One way anova

What is-it?

  • ANOVA (Analysis of Variance) is a statistical method used to compare the means of three or more independent groups or samples simultaneously.

  • ANOVA assesses whether there are statistically significant differences in the means of the groups, allowing for the identification of any significant group effects.

  • ANOVA divides the total variation in the data into two components: the variation between the groups and the variation within the groups.

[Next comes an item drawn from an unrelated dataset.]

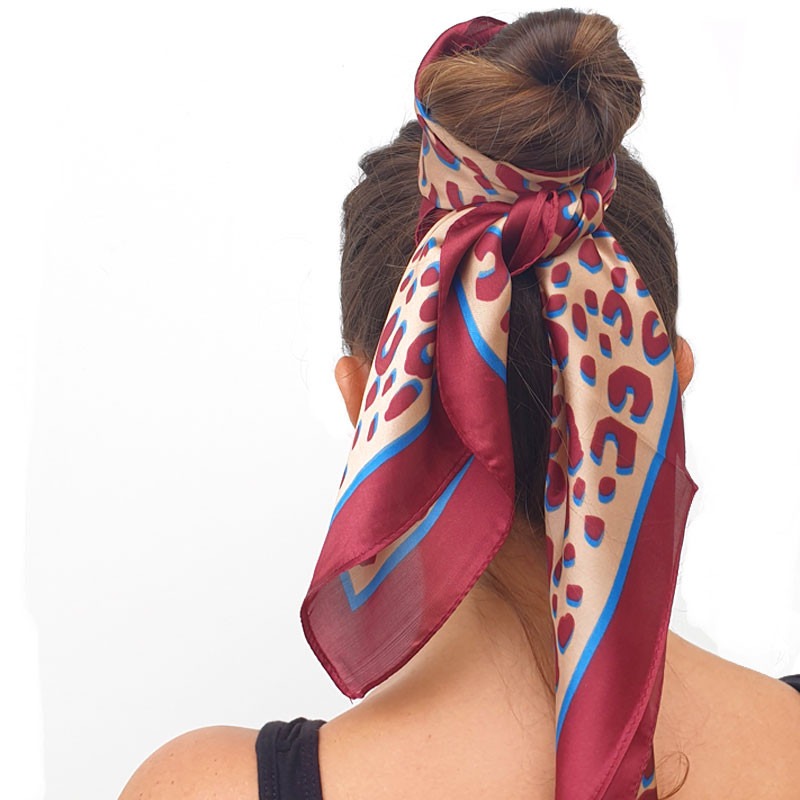 Les foulards se parent de la tendance léopard. Ce petit carré de satin s’adapte à tous les styles
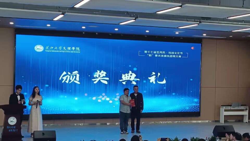 在第一环节“个人风采展示”中,10名参赛选手依次上台,他们面带微笑以沉着冷静、满怀自信的姿态进行自我介绍,并通过短视频的方式展现成长经历。晋级选手随即进行第二环节“职场情景模拟”挑战赛,对工作中出现的各种突发情况进行妥善处理。抽奖互动环节中,全体师生热情参加,将氛围推向高潮。第三环节“综合能力测评”作为难度最大的环节,由三位选手根据导师抽取的题目进行即兴演讲。选手通过缜密的逻辑,精妙的见解,充分体现了语言的艺术、表达的魅力以及个人的实力。在三个环节中,选手们各放光彩,彰显各自的优势,充分展示了自己的能力。经过现场比拼和评委打分,成绩出炉:张惠宇获一等奖,王倩、聂烯获二等奖,陈婷钰、廖宇哲、沈晨欣获三等奖,徐小倩、赵新炎、朱政、李洁获优秀奖。院领导登台为获奖代表颁奖。本次比赛在舞蹈表演《万疆》中圆满结束!

  • It then compares the magnitude of these two components to determine if the differences between the group means are larger than what would be expected due to random variation.

Data

  • Sample indicator: \(k=1,\cdots,K\)

  • Let \(x_{i,k}\) be the observed data on individual \(i\) in sample \(k\)

  • Let \(n_k\) be the size iof sample \(k\)

  • Total sample size: \(n=\sum_kn_k\)

  • Samples are assumed to be independent

  • Assume that data of sample \(k\) are modelled by i.i.d. random variables \(X_{i,k}\), \(k=1,\cdots,K\)

  • Let \(\mu_k=\mathbb{E}\left[X_{i,k}\right]\)

Hypothesis

  • \(\mathcal{H}_0\): \(\mu_1=\cdots=\mu_k\cdots=\mu_K\)

  • \(\mathcal{H}_1\): \(\exists k,l;\ \mu_k\neq\mu_l\)

Statistics

Means

  • Mean of group \(k\): \(\overline{X}_k=\dfrac{1}{n_k}\sum_{i=1}^{n_k}X_{i, k}\)

  • Overall mean: \(\overline{X}=\dfrac{1}{n}\sum_{k=1}^Kn_k\overline{X}_k\)

Variances

  • Within variance of groupe \(k\): \(S_k^2=\dfrac{1}{n_k}\sum_{i=1}^{n_k}\left(X_{i,k}-\overline{X}_k\right)^2\)

Sums of squares

  • Within sum of squares in group \(k\): \(WSS_k=\sum_{i=1}^{n_k}\left(X_{i,k}-\overline{X}_k\right)^2\)

  • Within sum of squares: \(WSS=\sum_{k=1}^K\sum_{i=1}^{n_k}\left(X_{i,k}-\overline{X}_k\right)^2\) \(=\sum_{k=1}^K WSS_k\)

  • Between sum of squares: \(BSS=\sum_{k=1}^Kn_k\left(\overline{X}_k-\overline{X}\right)^2\)

  • Total sum of squares: \(TSS=\sum_{k=1}^K\sum_{i=1}^n\left(X_{i,k}-\overline{X}\right)^2\) \(=WSS+BSS\)

Test statistic

  • Between-group variance: \(BVar=\dfrac{BSS}{K-1}\)

  • Within-group variance: \(WVar=\dfrac{WSS}{n-K}\)

  • Test statistic: \(F=\dfrac{BVar}{WVar}\overset{\mathcal{H}_0}{\sim}\mathcal{F}_{K-1,n-K}\)

  • Observed statistic: \(F_{obs}\)

  • Between degre-of-freedom: \(bdof = K-1\)

  • Within degre-of-freedom: \(wdof = n-K\)

  • Total degre-of-freedom: \(tdof=n-1\)

Source SS dof Variance F-stat p-value
Between BSS bdof \(BVar\) \(F_{obs}\) p-value
Within WSS wdof \(WVar\)
Total TSS tdof

Critical region and P-value

  • \(W=\left(q_{1-\alpha}\left(\mathcal{F}_{K-1, n-K}\right),\ +\infty\right)\)

  • \(pValue=\mathbb{P}\left(F>F_{obs}\right)\)

Decision

Based on critical region

  • Reject \(\mathcal{H}_0\) if and only if \(F_{obs}\in W\)

Based on \(pValue\)

  • Reject \(\mathcal{H}_0\) if and only if \(pValue < \alpha\)